Repeat the listing word for word. Leave every picture out.

## Dataset excerpt
"""

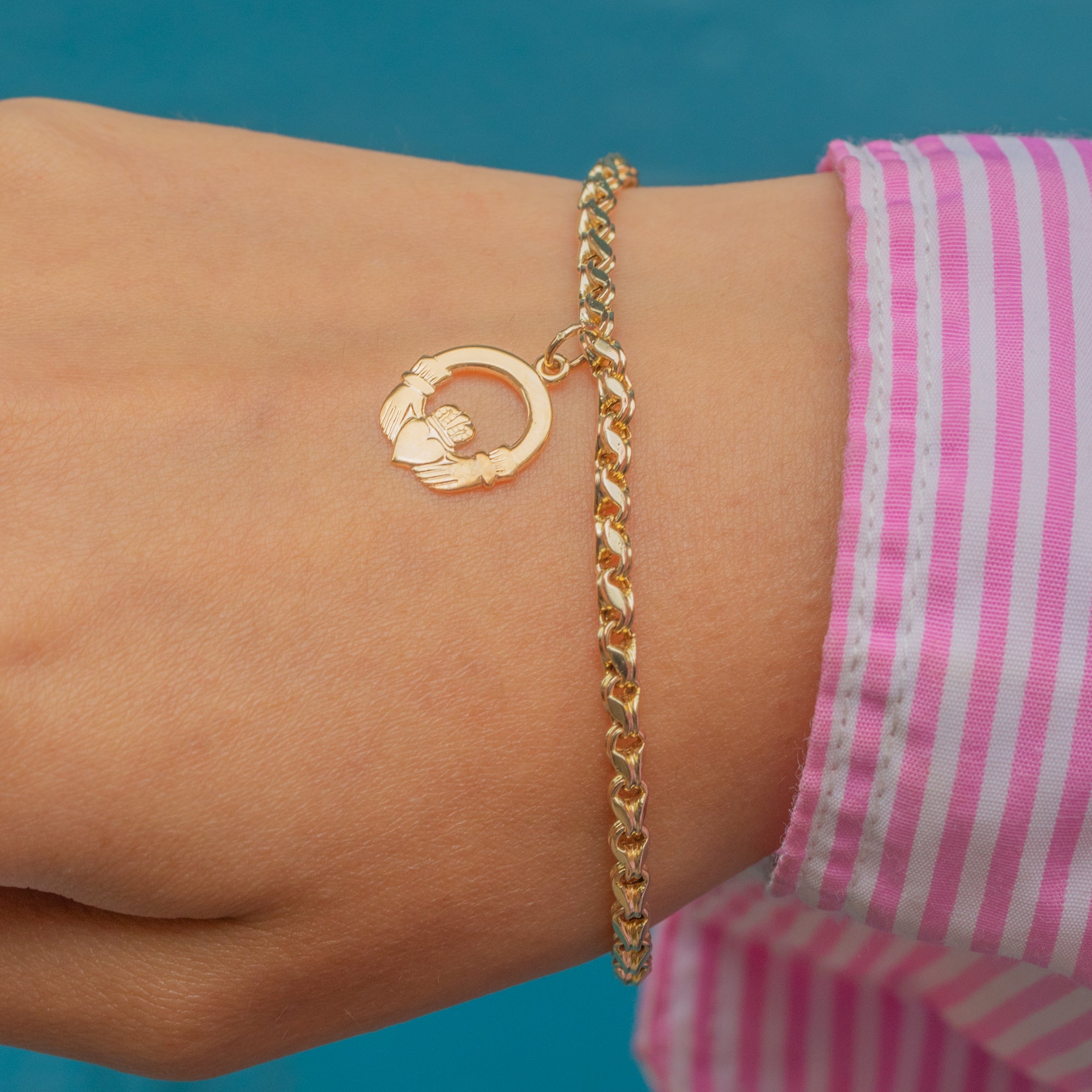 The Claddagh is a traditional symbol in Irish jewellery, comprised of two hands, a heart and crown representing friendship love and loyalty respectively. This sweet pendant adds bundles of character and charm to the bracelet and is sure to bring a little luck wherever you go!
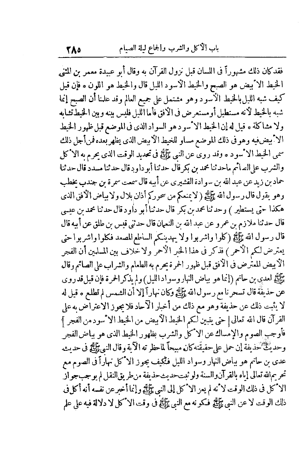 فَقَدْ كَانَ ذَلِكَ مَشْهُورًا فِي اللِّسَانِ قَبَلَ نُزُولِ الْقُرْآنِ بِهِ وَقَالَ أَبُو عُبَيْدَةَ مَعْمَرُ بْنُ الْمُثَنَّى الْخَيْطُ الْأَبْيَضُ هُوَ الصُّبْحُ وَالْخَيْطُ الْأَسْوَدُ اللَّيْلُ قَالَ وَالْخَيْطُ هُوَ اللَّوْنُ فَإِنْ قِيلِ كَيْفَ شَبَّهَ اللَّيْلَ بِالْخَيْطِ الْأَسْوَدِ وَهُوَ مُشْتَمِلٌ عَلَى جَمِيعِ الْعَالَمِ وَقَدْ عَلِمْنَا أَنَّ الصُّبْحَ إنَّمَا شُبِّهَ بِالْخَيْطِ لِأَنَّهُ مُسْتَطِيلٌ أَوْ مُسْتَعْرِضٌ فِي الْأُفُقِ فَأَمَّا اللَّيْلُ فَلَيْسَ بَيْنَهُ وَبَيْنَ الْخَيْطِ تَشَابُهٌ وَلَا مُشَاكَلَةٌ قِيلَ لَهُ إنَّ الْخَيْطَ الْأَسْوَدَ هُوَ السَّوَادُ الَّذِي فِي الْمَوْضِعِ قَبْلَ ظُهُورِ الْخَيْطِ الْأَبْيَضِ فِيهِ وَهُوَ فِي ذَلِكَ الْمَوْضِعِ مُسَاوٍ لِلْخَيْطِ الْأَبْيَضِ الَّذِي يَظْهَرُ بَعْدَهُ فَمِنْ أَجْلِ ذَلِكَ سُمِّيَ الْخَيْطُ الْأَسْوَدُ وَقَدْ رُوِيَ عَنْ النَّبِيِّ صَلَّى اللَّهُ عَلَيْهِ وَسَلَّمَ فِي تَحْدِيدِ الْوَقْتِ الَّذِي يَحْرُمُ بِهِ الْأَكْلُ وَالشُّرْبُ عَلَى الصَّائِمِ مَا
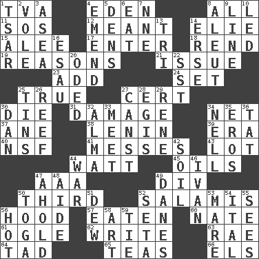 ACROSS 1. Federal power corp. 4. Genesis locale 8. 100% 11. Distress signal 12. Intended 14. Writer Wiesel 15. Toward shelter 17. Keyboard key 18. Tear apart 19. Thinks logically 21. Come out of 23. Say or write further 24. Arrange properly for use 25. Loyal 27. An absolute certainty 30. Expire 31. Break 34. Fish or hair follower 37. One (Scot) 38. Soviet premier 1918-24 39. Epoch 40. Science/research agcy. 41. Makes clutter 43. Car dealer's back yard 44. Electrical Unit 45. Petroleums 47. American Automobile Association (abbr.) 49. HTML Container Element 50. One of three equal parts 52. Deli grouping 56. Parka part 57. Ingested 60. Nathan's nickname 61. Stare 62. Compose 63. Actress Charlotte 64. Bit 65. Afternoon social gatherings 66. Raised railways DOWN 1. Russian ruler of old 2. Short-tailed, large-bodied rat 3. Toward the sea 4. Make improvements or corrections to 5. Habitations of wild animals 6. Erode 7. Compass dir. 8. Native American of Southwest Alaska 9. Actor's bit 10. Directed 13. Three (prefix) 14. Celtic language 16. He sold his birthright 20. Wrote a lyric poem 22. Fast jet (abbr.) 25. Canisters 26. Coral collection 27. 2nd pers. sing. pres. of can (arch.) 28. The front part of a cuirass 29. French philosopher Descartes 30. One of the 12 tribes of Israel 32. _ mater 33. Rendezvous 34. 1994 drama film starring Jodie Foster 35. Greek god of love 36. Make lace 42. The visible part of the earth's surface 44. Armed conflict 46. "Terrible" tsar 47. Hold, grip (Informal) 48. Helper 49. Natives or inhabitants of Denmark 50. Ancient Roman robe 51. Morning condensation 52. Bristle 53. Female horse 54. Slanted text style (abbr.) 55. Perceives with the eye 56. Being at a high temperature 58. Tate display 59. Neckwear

"""

## Solution for this exercise
 The Claddagh is a traditional symbol in Irish jewellery, comprised of two hands, a heart and crown representing friendship love and loyalty respectively. This sweet pendant adds bundles of character and charm to the bracelet and is sure to bring a little luck wherever you go!
 فَقَدْ كَانَ ذَلِكَ مَشْهُورًا فِي اللِّسَانِ قَبَلَ نُزُولِ الْقُرْآنِ بِهِ وَقَالَ أَبُو عُبَيْدَةَ مَعْمَرُ بْنُ الْمُثَنَّى الْخَيْطُ الْأَبْيَضُ هُوَ الصُّبْحُ وَالْخَيْطُ الْأَسْوَدُ اللَّيْلُ قَالَ وَالْخَيْطُ هُوَ اللَّوْنُ فَإِنْ قِيلِ كَيْفَ شَبَّهَ اللَّيْلَ بِالْخَيْطِ الْأَسْوَدِ وَهُوَ مُشْتَمِلٌ عَلَى جَمِيعِ الْعَالَمِ وَقَدْ عَلِمْنَا أَنَّ الصُّبْحَ إنَّمَا شُبِّهَ بِالْخَيْطِ لِأَنَّهُ مُسْتَطِيلٌ أَوْ مُسْتَعْرِضٌ فِي الْأُفُقِ فَأَمَّا اللَّيْلُ فَلَيْسَ بَيْنَهُ وَبَيْنَ الْخَيْطِ تَشَابُهٌ وَلَا مُشَاكَلَةٌ قِيلَ لَهُ إنَّ الْخَيْطَ الْأَسْوَدَ هُوَ السَّوَادُ الَّذِي فِي الْمَوْضِعِ قَبْلَ ظُهُورِ الْخَيْطِ الْأَبْيَضِ فِيهِ وَهُوَ فِي ذَلِكَ الْمَوْضِعِ مُسَاوٍ لِلْخَيْطِ الْأَبْيَضِ الَّذِي يَظْهَرُ بَعْدَهُ فَمِنْ أَجْلِ ذَلِكَ سُمِّيَ الْخَيْطُ الْأَسْوَدُ وَقَدْ رُوِيَ عَنْ النَّبِيِّ صَلَّى اللَّهُ عَلَيْهِ وَسَلَّمَ فِي تَحْدِيدِ الْوَقْتِ الَّذِي يَحْرُمُ بِهِ الْأَكْلُ وَالشُّرْبُ عَلَى الصَّائِمِ مَا
 ACROSS 1. Federal power corp. 4. Genesis locale 8. 100% 11. Distress signal 12. Intended 14. Writer Wiesel 15. Toward shelter 17. Keyboard key 18. Tear apart 19. Thinks logically 21. Come out of 23. Say or write further 24. Arrange properly for use 25. Loyal 27. An absolute certainty 30. Expire 31. Break 34. Fish or hair follower 37. One (Scot) 38. Soviet premier 1918-24 39. Epoch 40. Science/research agcy. 41. Makes clutter 43. Car dealer's back yard 44. Electrical Unit 45. Petroleums 47. American Automobile Association (abbr.) 49. HTML Container Element 50. One of three equal parts 52. Deli grouping 56. Parka part 57. Ingested 60. Nathan's nickname 61. Stare 62. Compose 63. Actress Charlotte 64. Bit 65. Afternoon social gatherings 66. Raised railways DOWN 1. Russian ruler of old 2. Short-tailed, large-bodied rat 3. Toward the sea 4. Make improvements or corrections to 5. Habitations of wild animals 6. Erode 7. Compass dir. 8. Native American of Southwest Alaska 9. Actor's bit 10. Directed 13. Three (prefix) 14. Celtic language 16. He sold his birthright 20. Wrote a lyric poem 22. Fast jet (abbr.) 25. Canisters 26. Coral collection 27. 2nd pers. sing. pres. of can (arch.) 28. The front part of a cuirass 29. French philosopher Descartes 30. One of the 12 tribes of Israel 32. _ mater 33. Rendezvous 34. 1994 drama film starring Jodie Foster 35. Greek god of love 36. Make lace 42. The visible part of the earth's surface 44. Armed conflict 46. "Terrible" tsar 47. Hold, grip (Informal) 48. Helper 49. Natives or inhabitants of Denmark 50. Ancient Roman robe 51. Morning condensation 52. Bristle 53. Female horse 54. Slanted text style (abbr.) 55. Perceives with the eye 56. Being at a high temperature 58. Tate display 59. Neckwear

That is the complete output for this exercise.